* _Your instructions_
Output all entries exactly; images excluded.
Data shown START
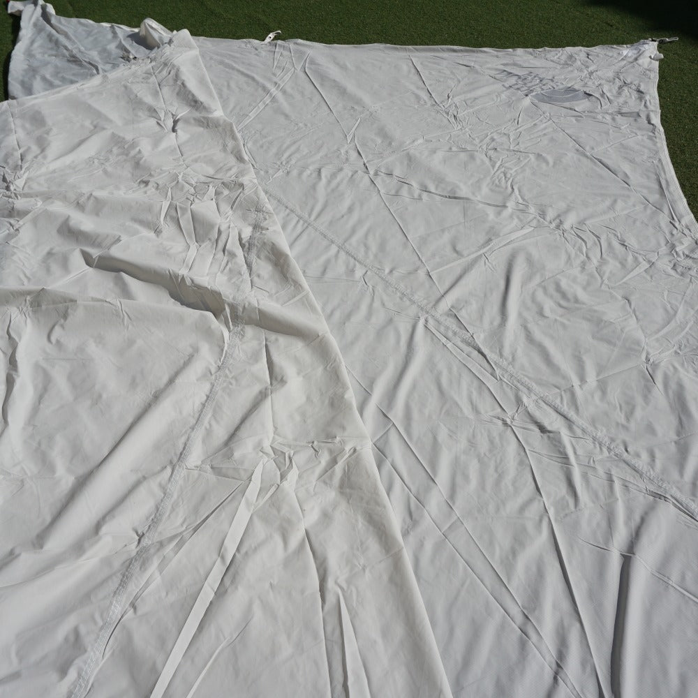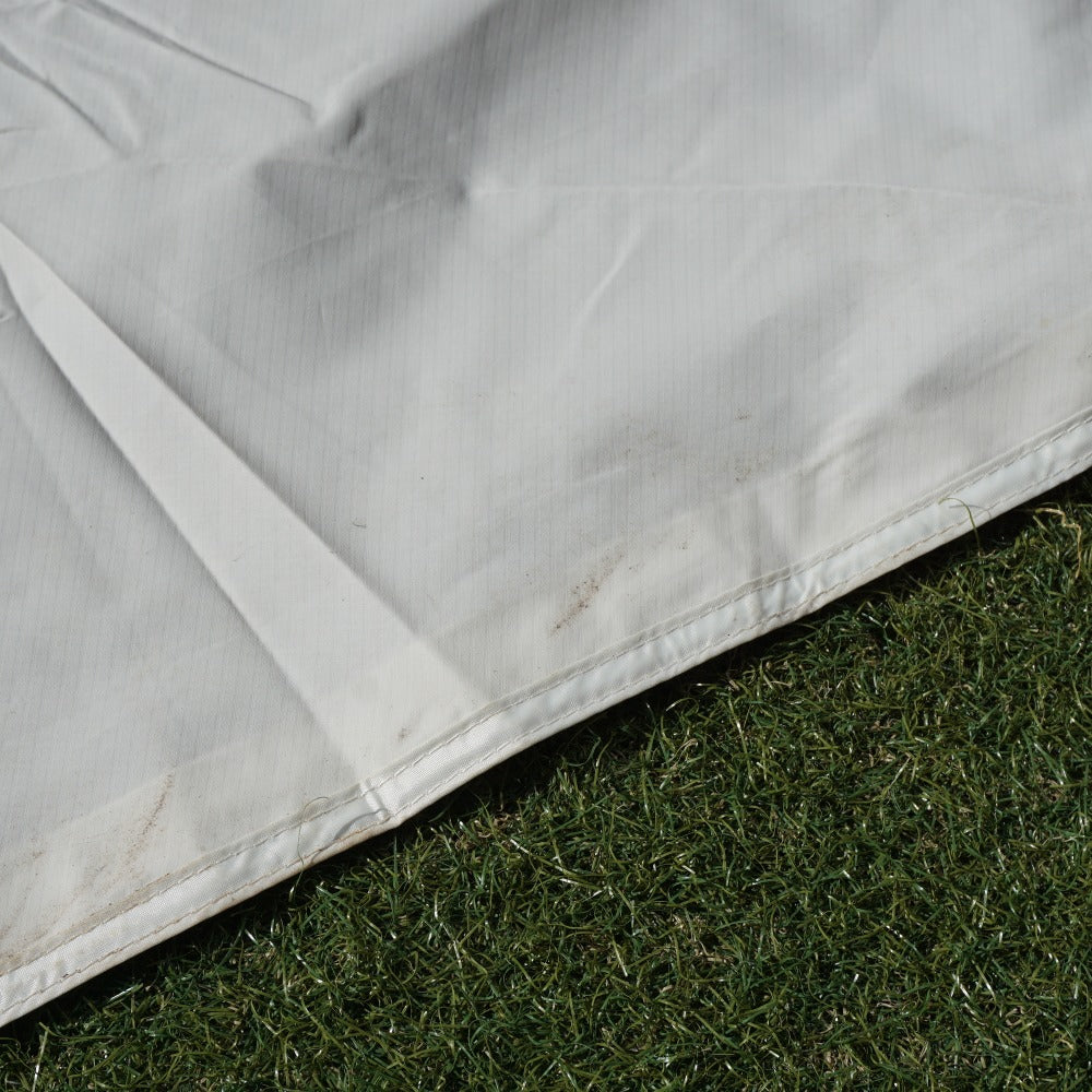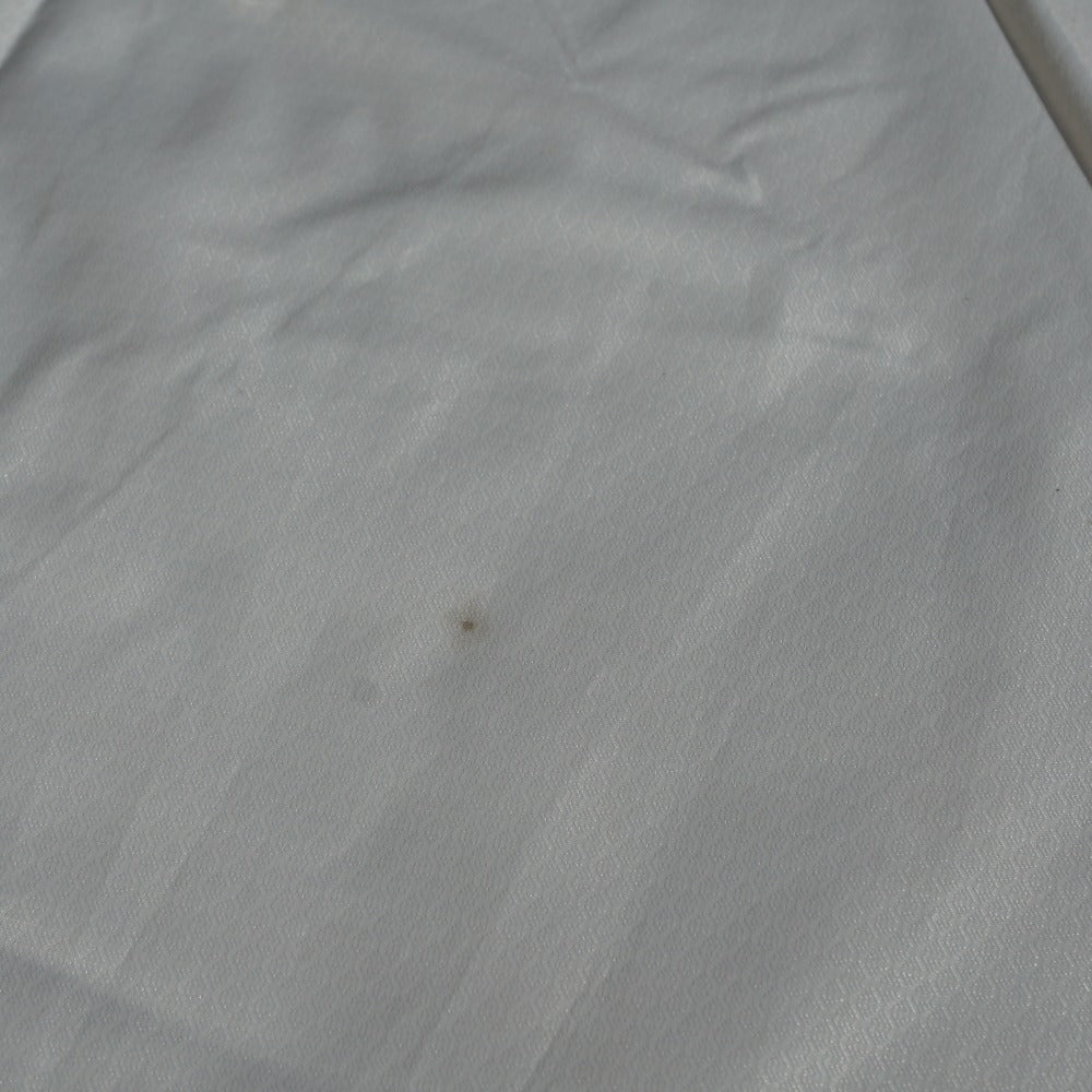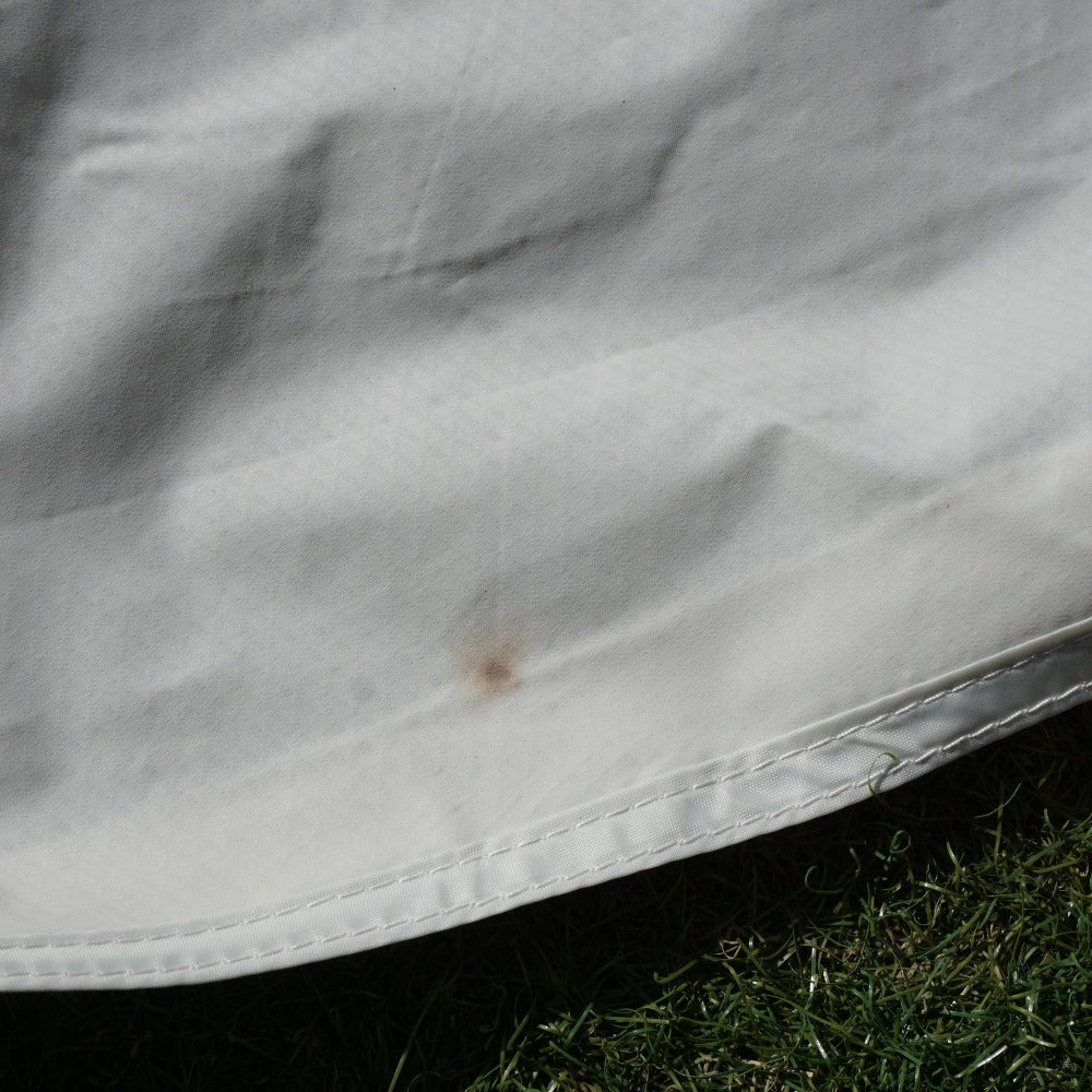 ペグが2本、少し変形しており、ロープに一か所擦れがございます。 また、幕体には、フチに一か所薄い土汚れがあり 全体的に、数ミリほどの薄い茶色の汚れ(画像参照)は点在しておりますが、 大きく目立った汚れなどなく、ポールには変形などないため、状態は良好です。 |
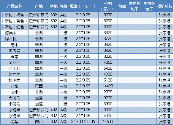木材市場(chǎng)聯(lián)盟新動(dòng)態(tài):7月下旬,所羅門材大批量的到貨,如唐木、欖仁等品種,庫(kù)存總量會(huì)有所飆升。小斑馬越來(lái)越受到下游家具商家的青睞,市場(chǎng)出貨量表現(xiàn)相當(dāng)突出。之后,行情一直持續(xù)到現(xiàn)在,總體出貨量非??捎^,即使是目前處于淡季時(shí)期,小斑馬仍然能保持住一定的出貨量。目前張家港市場(chǎng)小斑馬板材5公分厚、統(tǒng)貨報(bào)價(jià)5500— 6500元/立方米。
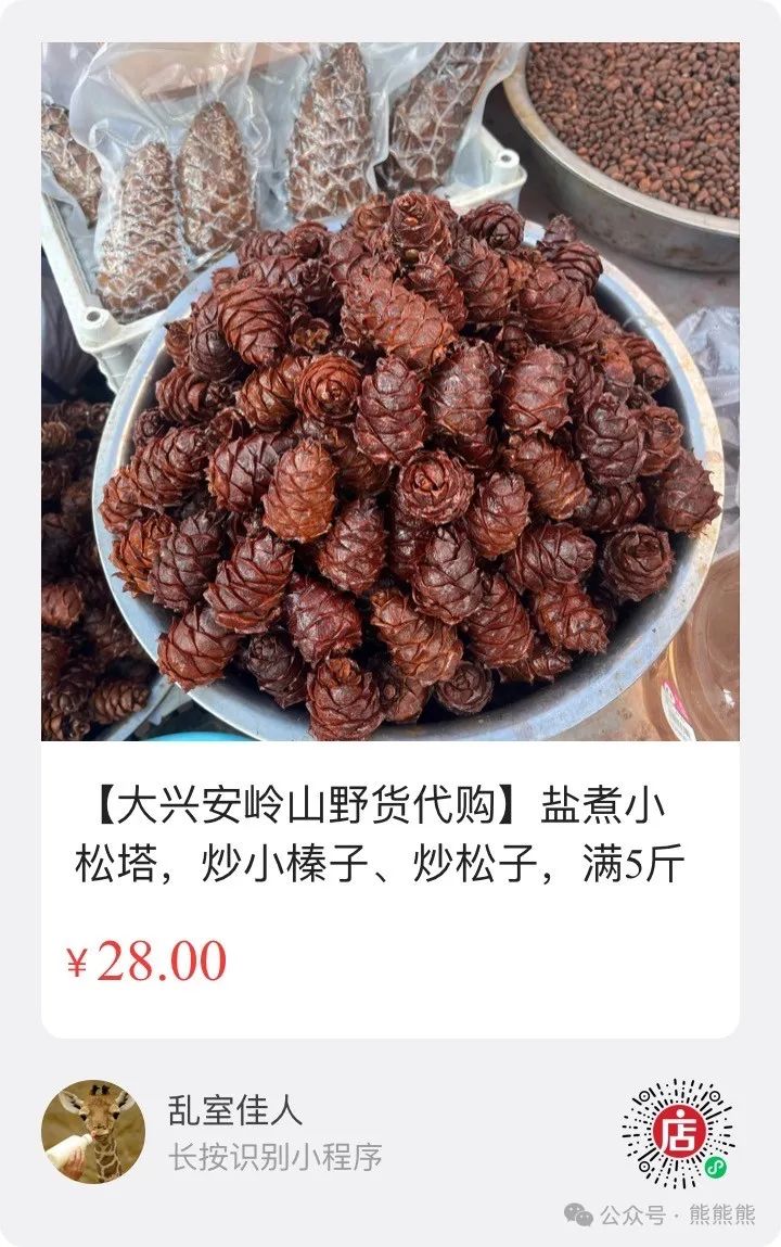【榛子和松子可以在微店买到,店里下单之后我联系漠河这家干货店老板发货——
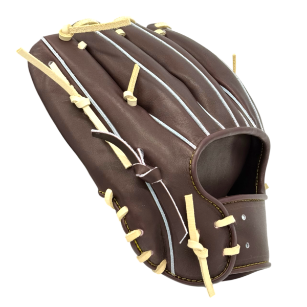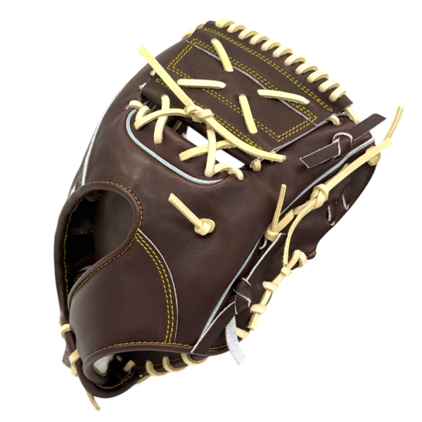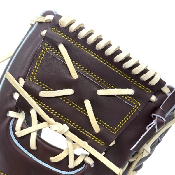 捕球面を広く使えるよう、アゴのレースは逆巻き仕様。
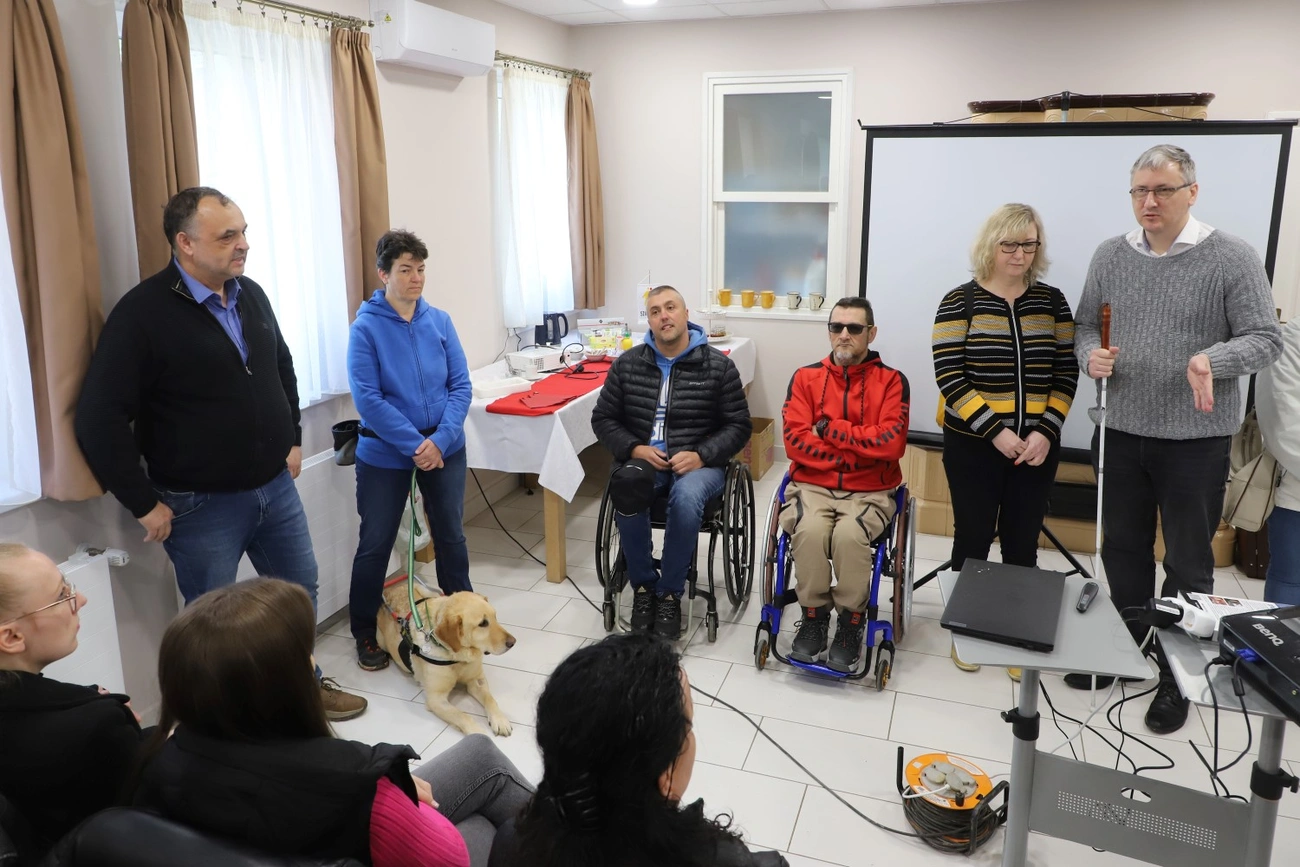 – Az érzékenyítő nap arról szól – mondta Jakubinyi László, a Szimbiózis Alapítvány kuratóriumi elnöke, hogy a különböző fogyatékosságokkal hogyan lehet együtt élni, hogyan lehet megszólítani ezeket a személyeket, melyek azok az apró trükkök, technikák, amelyeket el lehet sajátítani ahhoz, hogy a velük történő kommunikáció és szituációkezelés hatékony legyen.
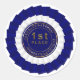 Cinta galardonada, azul y blanco-1ª (primera)-Premio de la cinta redonda con texto dorado y lentes. En el centro del premio, el texto dice: 1er lugar. Circular alrededor de los bordes dorados más texto dice: ¡Felicidades! dos veces. Este diseño galardonado está disponible en varios colores y estilos. Está disponible en los premios 1er, 2º y 3er lugar. El texto que rodea o bien dice: Felicitaciones o Runner Up. ¡Elige tu tamaño de Pegatinas redondos! O usar este diseño en cualquiera de los productos de Zazzle.
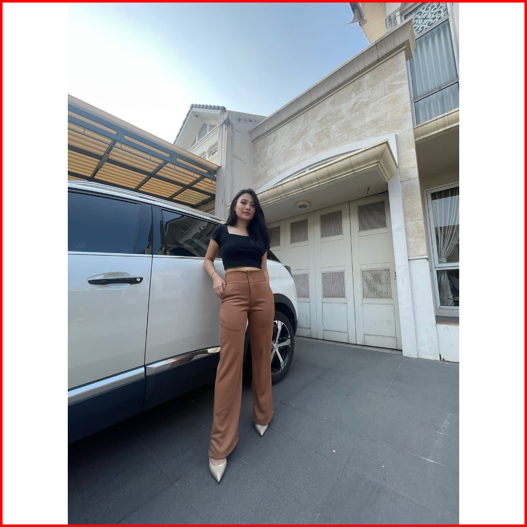 Vm - 558 Celana Kulot Murah Highwaist Celana Kantor Celana Resleting 2 Kancing Saku Aktif
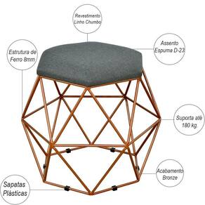 Descrição do produto: É fato que a decoração com itens aramados está super em alta, e é a responsável por mudar a decoração da casa! Esbanjando estilo, o Puff Six foge do tradicional e se destaca por sua modernidade e design de extremo bom gosto. Muito forte para o estilo de decoração glam ou também para áreas externas cobertas, este Puff Decorativo cai muito bem em ambientes como sala de estar, hall de entrada, recepções, ou onde mais sua imaginação permitir. Sua estrutura não desgasta no contato com o chão pois possui proteção com sapatas plásticas, além de um assento mega confortável. O seu mais novo queridinho do ambiente e cheio de charme Puff Six. :)
Data shown END
* _Response area_
 ペグが2本、少し変形しており、ロープに一か所擦れがございます。 また、幕体には、フチに一か所薄い土汚れがあり 全体的に、数ミリほどの薄い茶色の汚れ(画像参照)は点在しておりますが、 大きく目立った汚れなどなく、ポールには変形などないため、状態は良好です。 |
木材市場(chǎng)聯(lián)盟新動(dòng)態(tài):7月下旬,所羅門材大批量的到貨,如唐木、欖仁等品種,庫(kù)存總量會(huì)有所飆升。小斑馬越來(lái)越受到下游家具商家的青睞,市場(chǎng)出貨量表現(xiàn)相當(dāng)突出。之后,行情一直持續(xù)到現(xiàn)在,總體出貨量非??捎^,即使是目前處于淡季時(shí)期,小斑馬仍然能保持住一定的出貨量。目前張家港市場(chǎng)小斑馬板材5公分厚、統(tǒng)貨報(bào)價(jià)5500— 6500元/立方米。
【榛子和松子可以在微店买到,店里下单之后我联系漠河这家干货店老板发货——
 捕球面を広く使えるよう、アゴのレースは逆巻き仕様。
 – Az érzékenyítő nap arról szól – mondta Jakubinyi László, a Szimbiózis Alapítvány kuratóriumi elnöke, hogy a különböző fogyatékosságokkal hogyan lehet együtt élni, hogyan lehet megszólítani ezeket a személyeket, melyek azok az apró trükkök, technikák, amelyeket el lehet sajátítani ahhoz, hogy a velük történő kommunikáció és szituációkezelés hatékony legyen.
 Cinta galardonada, azul y blanco-1ª (primera)-Premio de la cinta redonda con texto dorado y lentes. En el centro del premio, el texto dice: 1er lugar. Circular alrededor de los bordes dorados más texto dice: ¡Felicidades! dos veces. Este diseño galardonado está disponible en varios colores y estilos. Está disponible en los premios 1er, 2º y 3er lugar. El texto que rodea o bien dice: Felicitaciones o Runner Up. ¡Elige tu tamaño de Pegatinas redondos! O usar este diseño en cualquiera de los productos de Zazzle.
 Vm - 558 Celana Kulot Murah Highwaist Celana Kantor Celana Resleting 2 Kancing Saku Aktif
 Descrição do produto: É fato que a decoração com itens aramados está super em alta, e é a responsável por mudar a decoração da casa! Esbanjando estilo, o Puff Six foge do tradicional e se destaca por sua modernidade e design de extremo bom gosto. Muito forte para o estilo de decoração glam ou também para áreas externas cobertas, este Puff Decorativo cai muito bem em ambientes como sala de estar, hall de entrada, recepções, ou onde mais sua imaginação permitir. Sua estrutura não desgasta no contato com o chão pois possui proteção com sapatas plásticas, além de um assento mega confortável. O seu mais novo queridinho do ambiente e cheio de charme Puff Six. :)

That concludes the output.